В этой книге присутствуют откровенные сцены насильственного и сексуального характера. Также я считаю необходимым предупредить вас о неоднозначных темах на случай, если вы чувствительны к ним: панические атаки, убийства, упоминания об изнасиловании и пытках, а также о рабстве.
Если какая-либо из этих тем вызывает у вас неприятие, то предлагаю задуматься о чтении. А если все-таки продолжите читать книгу, я надеюсь, она вам понравится. Спасибо.
Плейлист
Devil Devil – Milck
Carnival of Rust – Poets of the Fall
Animals – Maroon 5
Closer – Nine Inch Nails
One Way or Another – Until the Ribbon Breaks lyrics
Every Breath You Take – The Police
Eyes on Fire – Blue Foundation
A Little Death – The Neighbourhood
Russian Roulette – Rihanna
Between the Bars – Elliott Smith
Toxic – Sofia Karlberg Cover
Hypnotic – Zella Day
Carry You – Jeffrey James
Bravado – Lorde
Salted Wound – Sia
Crazy in Love – Beyonce (Fifty Shades Cover)

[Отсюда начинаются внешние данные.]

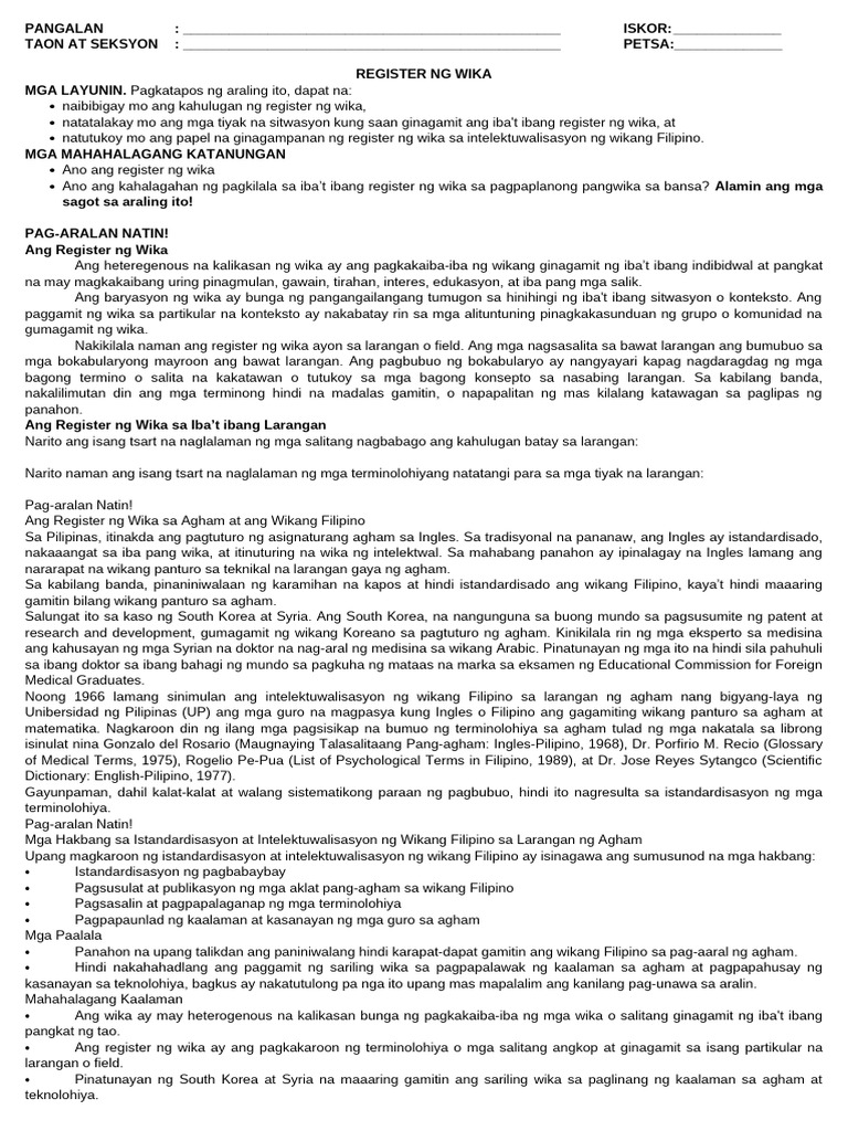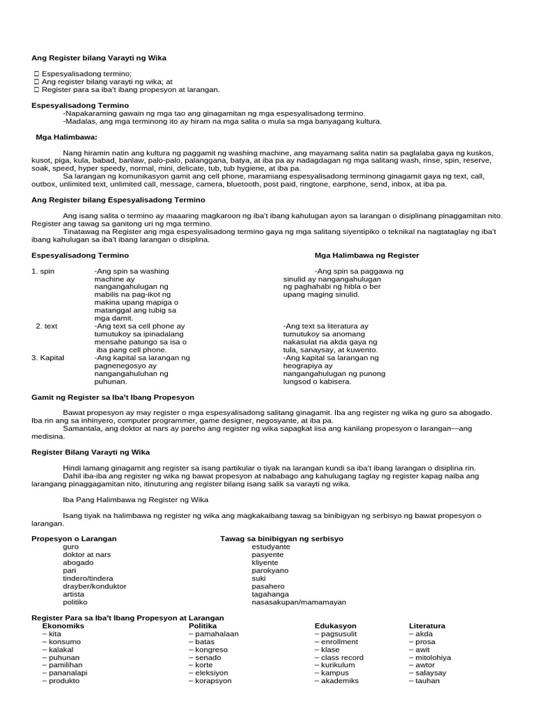 Ang Register Bilang Varayti NG Wika Handouts | PDF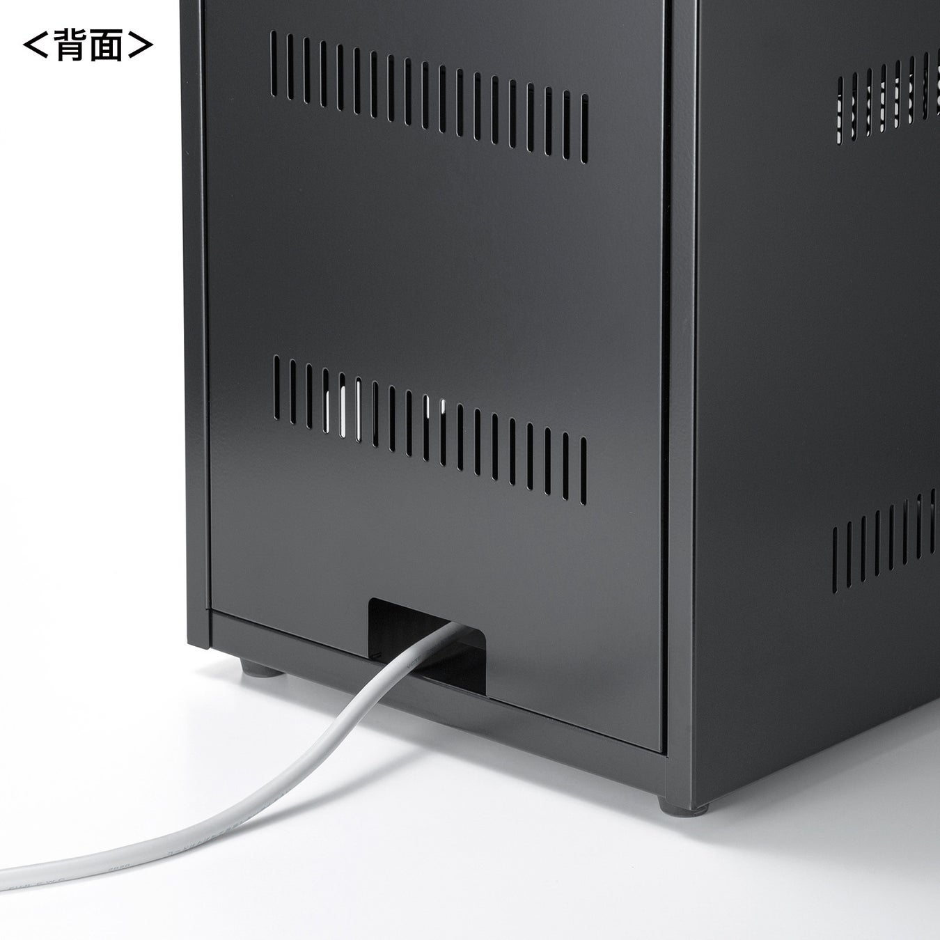 前扉、背面パネルには鍵が付いており、収納物を盗難やイタズラから守るため、安心して機器を収納できます。さらに側面にはセキュリティワイヤーに対応した穴もあり、セキュリティワイヤーを取り付けることで収納ボックス自体の盗難防止にもつながります。また、背面パネルは取り外し可能です。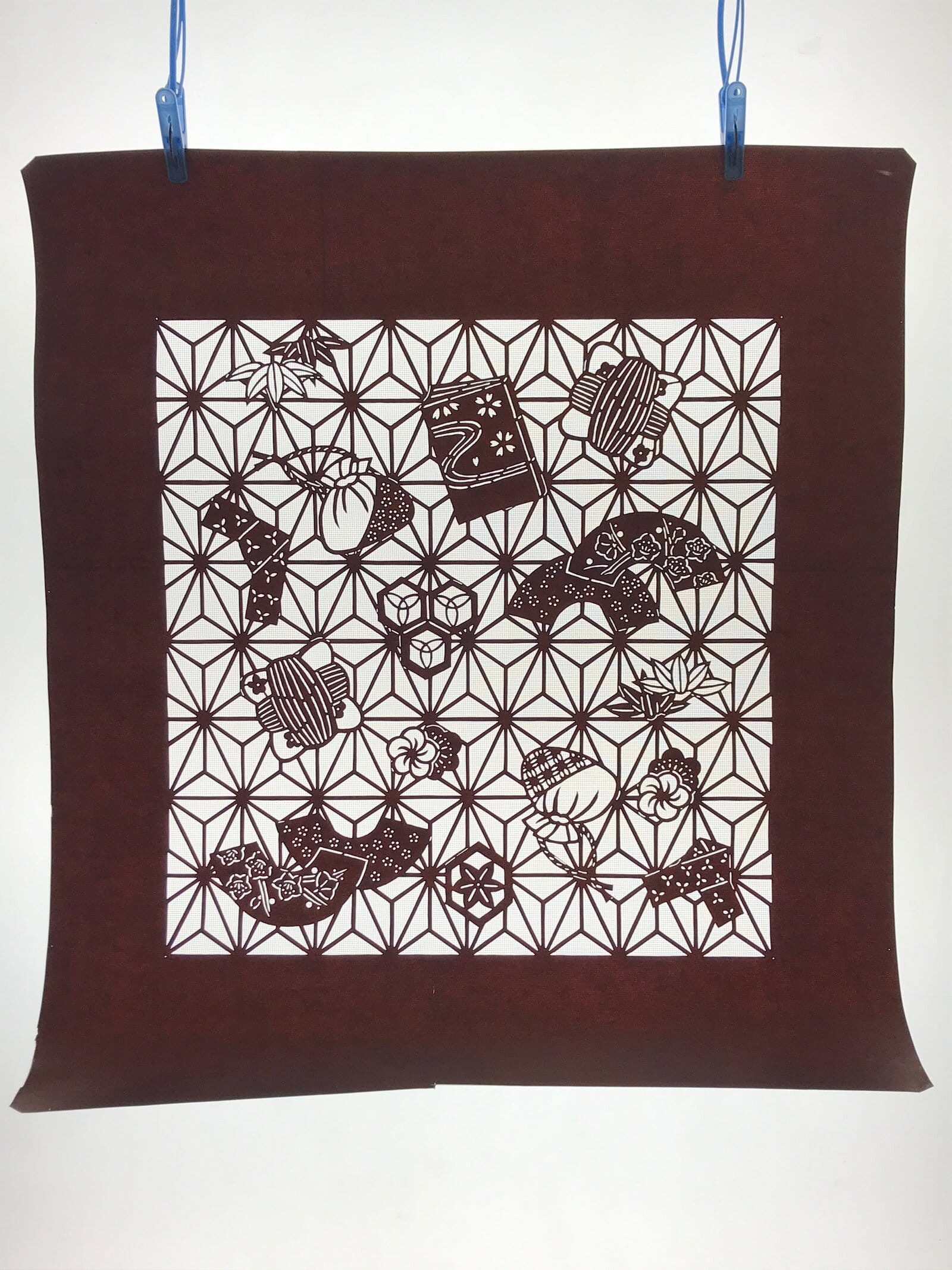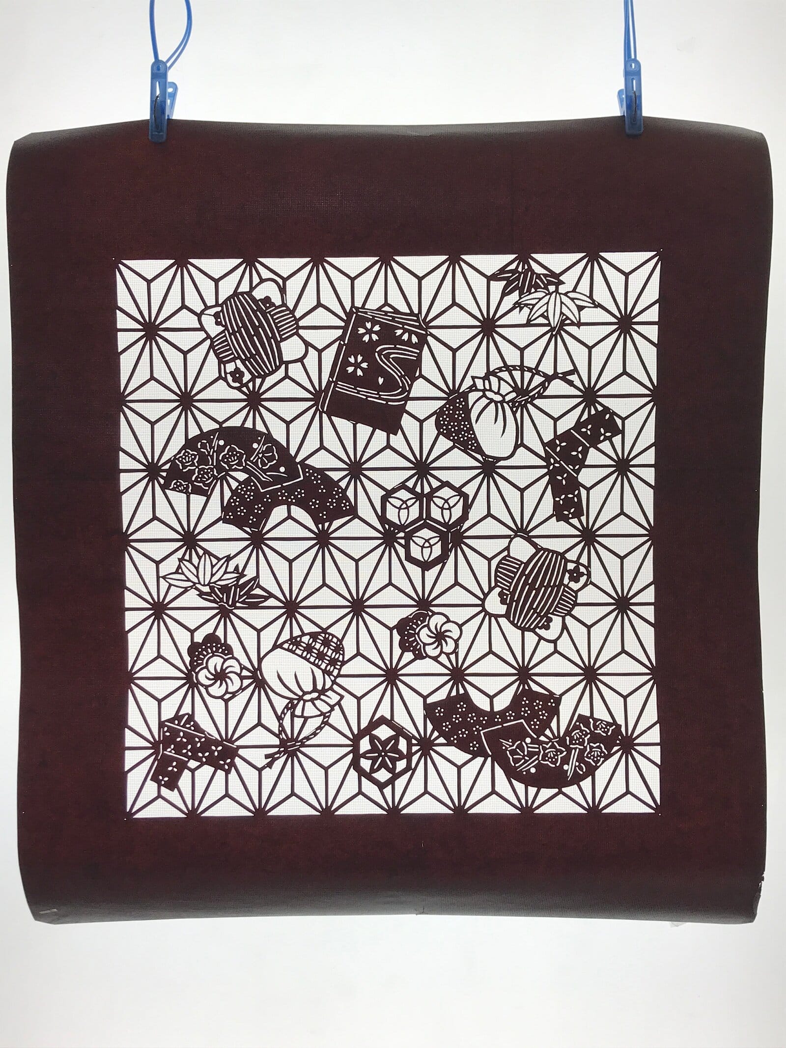 Japanese Katagami is a stencil pattern for dyeing textiles used for printing designs and patterns on kimono and other fabric items.

Wicked Game – Ursine Vulpine ft. Annaca
Bedroom Hymns – Florence and The Machine
Cut – Plumb
Fire Breather – Laurel
Broken – Seether ft. Amy Lee
Monster – Imagine Dragons
Demons – Imagine Dragons
Don’t Let Me Go – RAIGN
Help – Hurts
I Found – Amber Run
Making Love on the Mountain – The Woodlands
Lullaby – Nickelback
Touch Me – Rui Da Silva Ft. Cassandra
Bleeding Love – Leona Lewis
My Heart Is Open – Maroon 5
Partition – Beyoncé
50 Shades – Boy Epic
Trust – Boy Epic
Dirty Mind – Boy Epic
Walk Through The Fire – Zayde Wolfe ft. Ruelle
You Belong To Me – Cat Pierce
My Love Will Never Die – Claire Wyndham
A Little Wicked – Valerie Broussard
You Should See Me in a Crown – Billie Eilish
Flesh – Simon Curtis
Dinner & Diatribes – Hozier
I’m A Wanted Man – Royal Deluxe
Dangerous Woman – Ariana Grande
Not Afraid Anymore – Halsey
Game of Survival – Ruelle
Shameless – Camilla Cabello
Craving You – Thomas Rhett
Madness – Ruelle
Blood and Muscle – Lissie
Fear and Loathing – Marina and the Diamonds
Black Magic Woman – VCTRY
I Can‘t Go On Without You – KALEO
Я люблю тебя, как грезят о запретном –
скрыв от глаз других, меж тенью и душой.
Пабло Неруда
Пролог
Оранжевое свечение горящей сигареты служило единственным проблеском жизни в непроглядной, ненастной ночи.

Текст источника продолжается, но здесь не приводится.